Beck J M
Department of Internal Medicine, University of Michigan Medical School, Ann Arbor, USA.
Clin Chest Med. 1998 Jun;19(2):341-9. doi: 10.1016/s0272-5231(05)70081-2.
Given the multiple impairments in host defense that occur during HIV infection, patients with AIDS are at risk for a variety of pleural infections and neoplasms. Of infectious causes, bacterial parapneumonic effusions and empyemas and tuberculous pleurisy occur more frequently than effusions caused by P. carinii. In each case, therapy is directed at eradication of the causative organisms. In the setting of systemic Kaposi's sarcoma, pleural involvement is common, although diagnosis is difficult and therapeutic options are limited. Pleural effusions caused by non-Hodgkin's lymphoma often occur in the setting of pulmonary parenchymal disease and can be diagnosed cytologically. The recently described entity of primary effusion lymphoma occurs in the absence of solid-organ involvement. The development of a spontaneous pneumothorax in a HIV-infected individual should prompt a search for P. carinii infection. Although these pneumothoraces often recur and are difficult to manage, recent series suggest that surgical approaches to bronchopleural fistulas are reasonable in selected patients.

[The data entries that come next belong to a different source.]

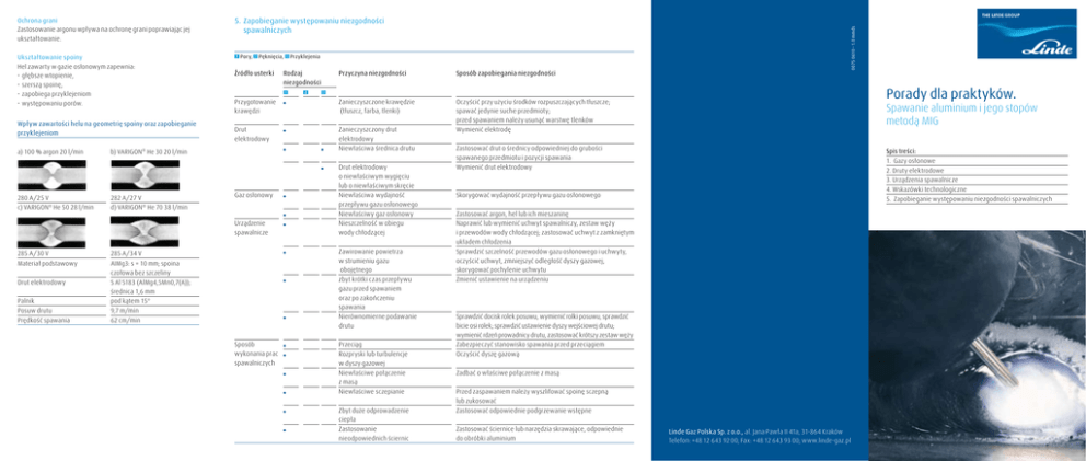5. Zapobieganie występowaniu niezgodności spawalniczych Ukształtowanie spoiny Hel zawarty w gazie osłonowym zapewnia: • głębsze wtopienie, • szerszą spoinę, • zapobiega przyklejeniom • występowaniu porów. 1 Wpływ zawartości helu na geometrię spoiny oraz zapobieganie przyklejeniom a) 100 % argon 20 l/min 280 A/25 V c) VARIGON® He 50 28 l/min Pory, 2 Pęknięcia, Źródło usterki Sposób zapobiegania niezgodności Przygotowanie krawędzi 285 A/34 V Materiał podstawowy AIMg3: s = 10 mm; spoina czołowa bez szczeliny S Al 5183 (AlMg4,5Mn0,7(A)); średnica 1,6 mm pod kątem 15° 9,7 m/min 62 cm/min Drut elektrodowy Palnik Posuw drutu Prędkość spawania Rodzaj niezgodności Zanieczyszczone krawędzie (tłuszcz, farba, tlenki) Drut elektrodowy Zanieczyszczony drut elektrodowy Niewłaściwa średnica drutu Oczyścić przy użyciu środków rozpuszczających tłuszcze; spawać jedynie suche przedmioty; przed spawaniem należy usunąć warstwę tlenków Wymienić elektrodę 1 Gaz osłonowy Urządzenie spawalnicze 285 A/30 V Przyklejenia Przyczyna niezgodności b) VARIGON® He 30 20 l/min 282 A/27 V d) VARIGON® He 70 38 l/min 3 2 Porady dla praktyków. 3 Drut elektrodowy o niewłaściwym wygięciu lub o niewłaściwym skręcie Niewłaściwa wydajność przepływu gazu osłonowego Niewłaściwy gaz osłonowy Nieszczelność w obiegu wody chłodzącej Zawirowanie powietrza w strumieniu gazu obojętnego zbyt krótki czas przepływu gazu przed spawaniem oraz po zakończeniu spawania Nierównomierne podawanie drutu Sposób wykonania prac spawalniczych 0075 0610 – 1.0 mmds Ochrona grani Zastosowanie argonu wpływa na ochronę grani poprawiając jej ukształtowanie. Przeciąg Rozpryski lub turbulencje w dyszy gazowej Niewłaściwe połączenie z masą Niewłaściwe sczepianie Zbyt duże odprowadzenie ciepła Zastosowanie nieodpowiednich ściernic Spawanie aluminium i jego stopów metodą MIG Zastosować drut o średnicy odpowiedniej do grubości spawanego przedmiotu i pozycji spawania Wymienić drut elektrodowy Spis treści: 1. Gazy osłonowe 2. Druty elektrodowe 3. Urządzenia spawalnicze 4. Wskazówki technologiczne 5. Zapobieganie występowaniu niezgodności spawalniczych Skorygować wydajność przepływu gazu osłonowego Zastosować argon, hel lub ich mieszaninę Naprawić lub wymienić uchwyt spawalniczy, zestaw węży i przewodów wody chłodzącej; zastosować uchwyt z zamkniętym układem chłodzenia Sprawdzić szczelność przewodów gazu osłonowego i uchwyty, oczyścić uchwyt, zmniejszyć odległość dyszy gazowej, skorygować pochylenie uchwytu Zmienić ustawienie na urządzeniu Sprawdzić docisk rolek posuwu, wymienić rolki posuwu, sprawdzić bicie osi rolek; sprawdzić ustawienie dyszy wejściowej drutu; wymienić rdzeń prowadnicy drutu, zastosować krótszy zestaw węży Zabezpieczyć stanowisko spawania przed przeciągiem Oczyścić dyszę gazową Zadbać o właściwe połączenie z masą Przed zaspawaniem należy wyszlifować spoinę sczepną lub zukosować Zastosować odpowiednie podgrzewanie wstępne Zastosować ściernice lub narzędzia skrawające, odpowiednie do obróbki aluminium Linde Gaz Polska Sp. z o.o., al. Jana Pawła II 41a, 31-864 Kraków Telefon: +48 12 643 92 00, Fax: +48 12 643 93 00; www.linde-gaz.pl Wzrost zawartości helu w argonie powoduje zmniejszenie liczby porów Argon (I1 według PN-EN ISO 14175) jest uniwersalnym gazem osłonowym stosowanym do spawania aluminium i jego stopów metodą MIG. Efekty spawania można poprawić stosując mieszaninę argonu z helem lub z dodatkiem niewielkiej ilości składników aktywnych. Gaz osłonowy Argon MISON® VARIGON® He 30 VARIGON® He 50 VARIGON® He 70 Uwagi może być stosowany przy wszystkich rodzajach łuków spawalniczych oraz we wszystkich pozycjach spawania • dodatek NO zwiększa stabilność łuku spawalniczego dodatek helu ma korzystny wpływ na: • zapobieganie przyklejeniom • lepsze wtopienie • wyeliminowanie konieczności podgrzewania wstępnego elementów o grubszych ściankach • mniejszą częstotliwość występowania porów • uzyskiwanie szerszych i płaskich spoin W przypadku wysokich wymagań odnośnie eliminacji porów, przede wszystkim przy elementach o większej grubości ścianek oraz przy spawaniu czystego aluminium, rezultat spawania poprawia się wraz ze wzrostem zawartości helu. a) 100% argon 20 l/min b) VARIGON® He 30 20 l/min Zużycie gazu osłonowego (w odniesieniu do argonu): • łuk krótki – 12-15 l/min • łuk z natryskowym przenoszeniem materiału i łuk impulsowy – 15-20 l/min Przy zastosowaniu gazów osłonowych VARIGON obowiązują poniższe parametry ® 350 A/28 V c) VARIGON® He 50 28 l/min 345 A/29 V d) VARIGON® He 70 38 l/min 340 A/31 V 335 A/34 V Materiał podstawowy Al 99,5: s = 10 mm; spoina czołowa bez szczeliny S Al 1450 (Al 99,5Ti); średnica 1,6 mm pod kątem 15° 8,4 m/min 62 cm/min Drut elektrodowy Uchwyt Posuw drutu Prędkość spawania Wzrost zawartości helu powoduje zmniejszenie stabilności łuku spawalniczego. Dodatek składników aktywnych stabilizuje łuk spawalniczy, poprawia wygląd spoiny i zmniejsza ilość odprysków. Gaz osłonowy (a) Argon (b) VARIGON® He30 (c) VARIGON® He 50 (d) VARIGON® He 70 Średnica odprysku 0,5 … 4 mm 0,5 … 1,5 mm 0,5 … 1 mm 0,5 … 1 mm Całkowita powierzchnia odprysków Długość spoiny 370 mm 152 mm2 28 mm2 18 mm2 6 mm2 Stopnie czystości gazów oraz dokładności składu mieszanin odpowiadają wymaganiom PN-EN ISO 14175. Gazy mogą być stosowane przy wszystkich rodzajach łuków spawalniczych, a także we wszystkich zakresach grubości łączonych elementów. Gaz osłonowy Współczynnik korekcyjny* VARIGON® He 30 VARIGON® He 50 VARIGON® He 70 1,17 1,35 1,70 Minimalna wydajność przepływu gazu osłonowego 20 l/min 28 l/min 35 l/min * Przy stosowaniu mieszaniny argonowo-helowej jako osłony gazowej należy uwzględnić korektę wielkości wydatku gazu. Dla zapewnien
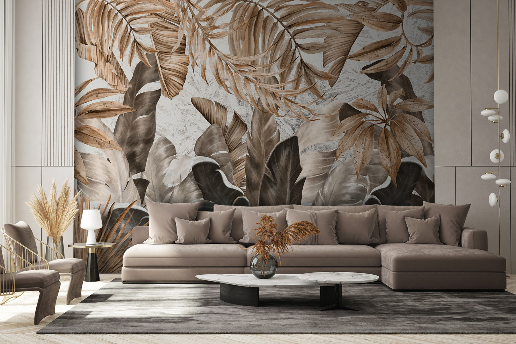Stellen Sie sich vor, Sie betreten Ihr Wohnzimmer und fühlen sich in ein heiteres tropisches Paradies versetzt. Dieses Wandbild “Tropische Blätter in erdigen Tönen” schafft genau das. Die atemberaubenden, übergroßen Blätter mit ihren satten, erdigen Farbtönen bringen einen Hauch von Natur direkt in Ihr Zuhause. Das ist nicht einfach nur eine trendige Tapete – es ist ein Statement, fast so, als hätte man ein riesiges, wunderschönes Stück moderner Kunst an der Wand hängen.
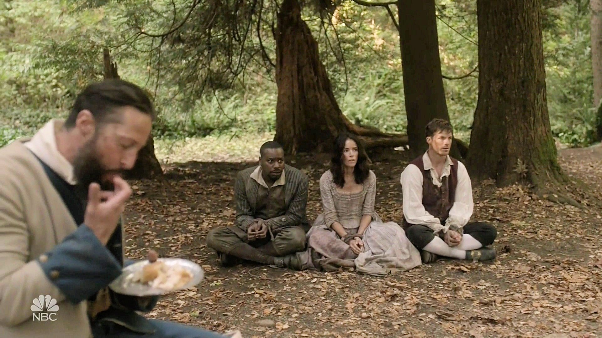 In colonial America, the crew are captured by French soldiers and then kidnapped by the Shawnee.
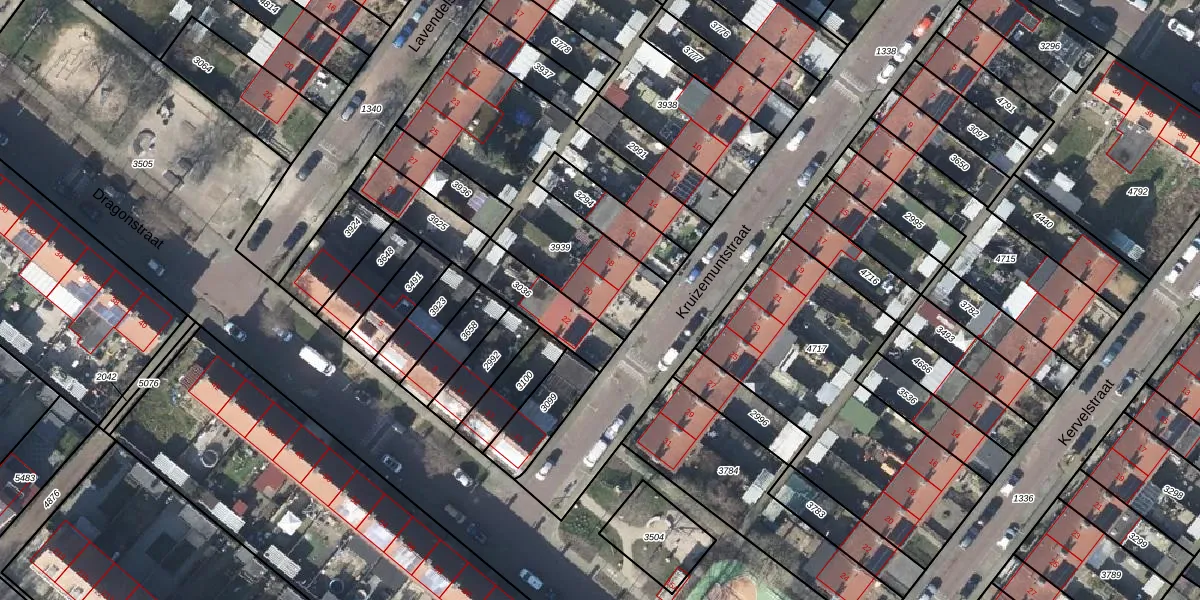 Het perceel waarop Kruizemuntstraat 20 staat heeft een oppervlakte van 952 m². Dit is een groot perceel. De perceeloppervlakte wordt geregistreerd door het Kadaster. Gedetailleerde informatie over de maten van dit perceel kunt u vinden in het rapport Kadastrale kaart met maatvoering van Kruizemuntstraat 20.

鉴于HIV感染期间宿主防御功能出现的多种损害,艾滋病患者有发生各种胸膜感染和肿瘤的风险。在感染性病因中,细菌性肺炎旁胸腔积液、脓胸和结核性胸膜炎比卡氏肺孢子虫引起的胸腔积液更常见。在每种情况下,治疗都旨在根除病原体。在系统性卡波西肉瘤的情况下,胸膜受累很常见,尽管诊断困难且治疗选择有限。非霍奇金淋巴瘤引起的胸腔积液常发生在肺实质疾病的背景下,可通过细胞学诊断。最近描述的原发性胸腔积液淋巴瘤在没有实体器官受累的情况下发生。HIV感染个体出现自发性气胸应促使寻找卡氏肺孢子虫感染。尽管这些气胸经常复发且难以处理,但最近的系列研究表明,对选定患者采用手术治疗支气管胸膜瘘是合理的。